Massachusetts Wrongful Death Laws allow for recovery against people who are negligent, people who cause death by “willful, wanton or reckless” conduct, against common carriers, and against corporations for defective products. In 25 years of practicing law in the Commonwealth of Massachusetts I have seen far too many wrongful death cases.

In all wrongful death cases, the executor or administrator of the estate must be the party bringing the claim and filing the lawsuit on behalf of the family. Therefore, seeking appointment in the Probate Court is a critical first step.
 
Who can recover? Absent a will, there are clear laws as to who can recover against a wrongdoer. If there is a spouse and no children, the spouse recovers.

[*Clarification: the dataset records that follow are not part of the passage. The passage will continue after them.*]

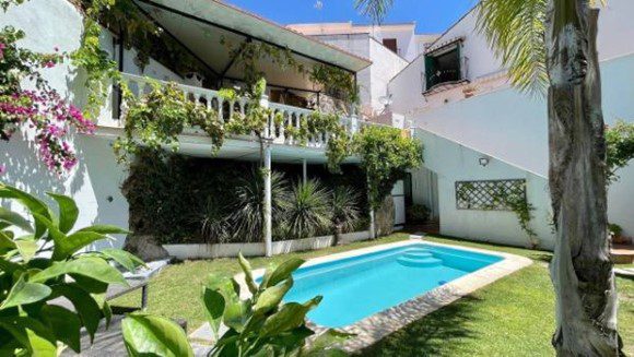 On the second floor, you'll find the master bedroom with an integrated bathtub and jacuzzi in the bathroom, as well as the children's bedroom with two comfortable beds and an office. The patios, adorned with beautiful Andalusian-style tiles, give a unique charm to the property, highlighting the Ronda-style tiles.
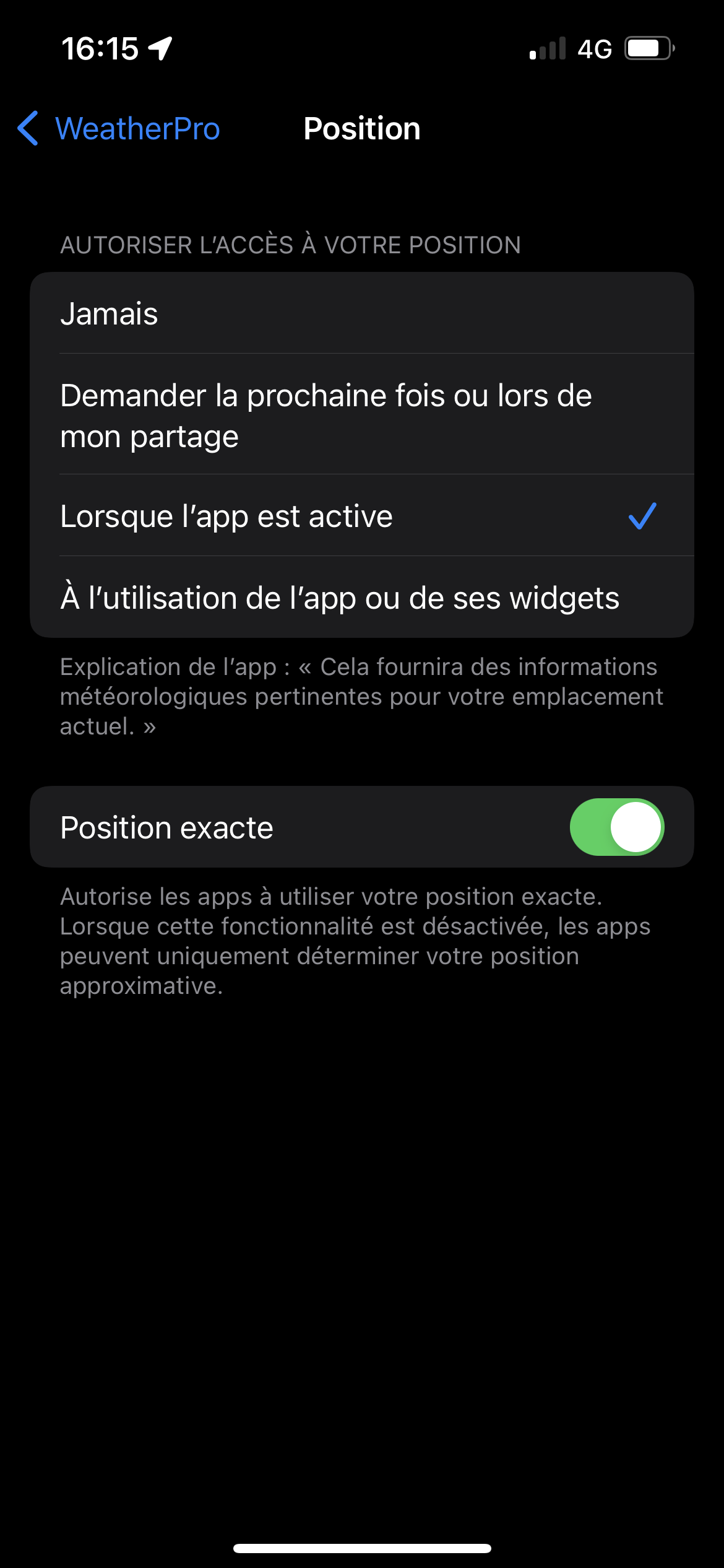 Pourtant cela fonctionne bien avec l’application météo d’Apple et j’ai bien validé la géolocalisation lorsque l’application est active et je n’ai pas de VPN
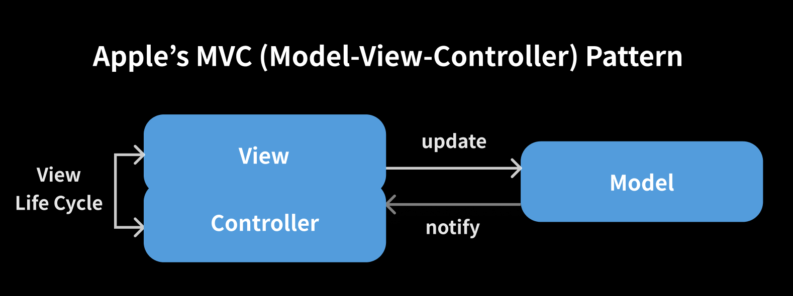 물론 엄밀히 말하면, ViewController 안에서도 View Life Cycle을 가지고 View와 Controller 사이의 인터렉션이 이루어지는 구조이긴 하다.
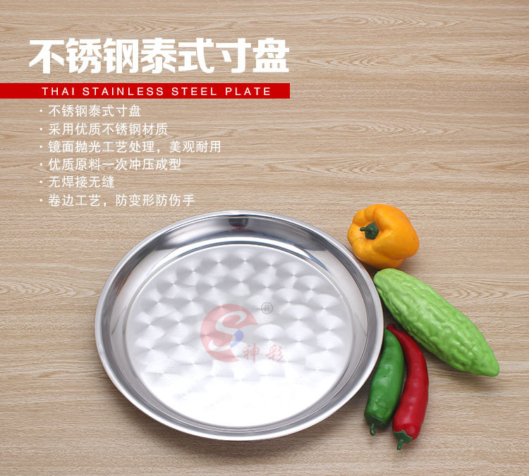 스테인리스 태국식 과일 접시, 식사 접시, 트레이, 제조업체 직판, 호텔 용품, 25-80cm, 두껍고 내구성 있음
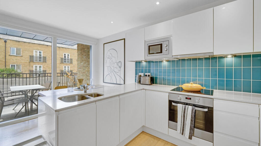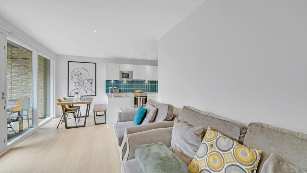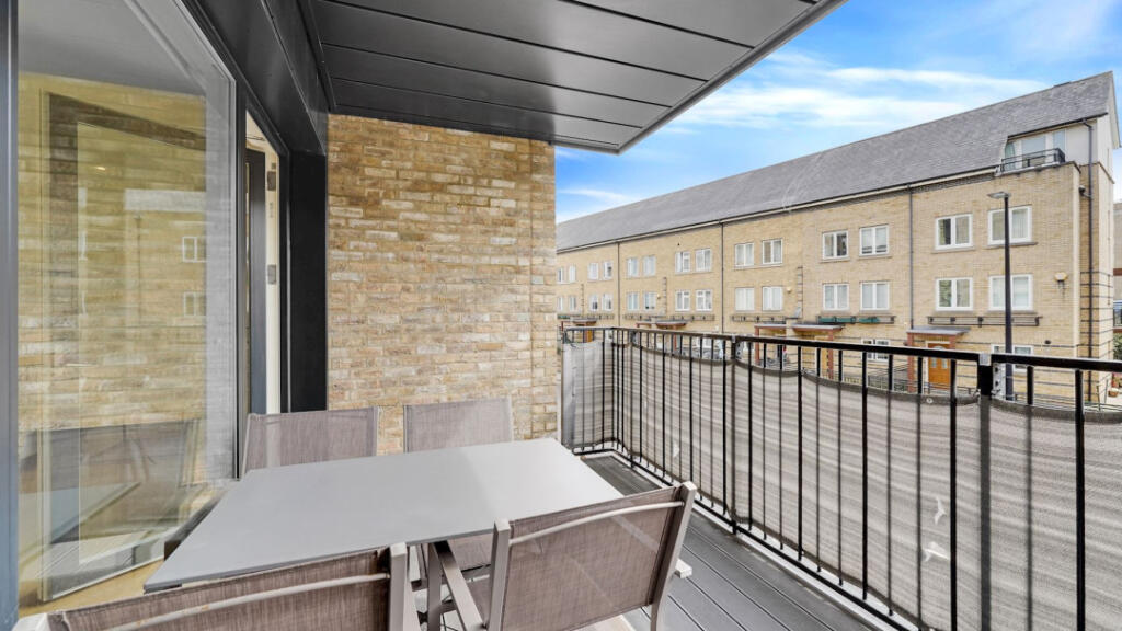 A modern two-bedroom flat in Island Gardens, Tower Hamlets. The property benefits from a balcony. The listing price is significantly below the average price per sqft for the area, suggesting good value.

If there is a spouse and one child, the spouse receives one half of the recovery and the child share the other half. If there is a spouse and more than one child, the spouse receives one third of the recovery. Of course, it gets more complicated if there is no spouse or children. To further complicate a wrongful death case, distribution is not necessarily awarded based on the law outlined above; a jury can allocate monetary compensation in any proportion supported by the evidence.
 
Nevertheless, the first step is to prove negligence, or responsibility. Was the defendant negligent in causing the death? When insurance companies and their lawyers are defending the tortfeasor, they put up obstacles at every step of the way. Thus, it is critical that we undertake an investigation as soon as possible. Frequently, an expert is needed to show the jury that the mechanism of injury was negligent by the defendant; such as a motor vehicle accident reconstruction expert. The defense is often based on comparative fault; they argue that the decedent was responsible for a portion of the blame for the accident; the law says that the verdict will be diminished by the percentage of the plaintiff’s negligence – up to 49%.
 
Damages awarded to families of the victims are more complicated than ordinary claims. The beneficiary is entitled to the “fair monetary value of the decedent” to the beneficiaries, which may include the “loss of reasonably expected net income, services, protection, care, assistance, society, companionship, comfort, guidance, counsel and advice.” Experienced personal injury and wrongful death attorneys work with the families to determine each element of the loss. This can be painful, but also cathartic.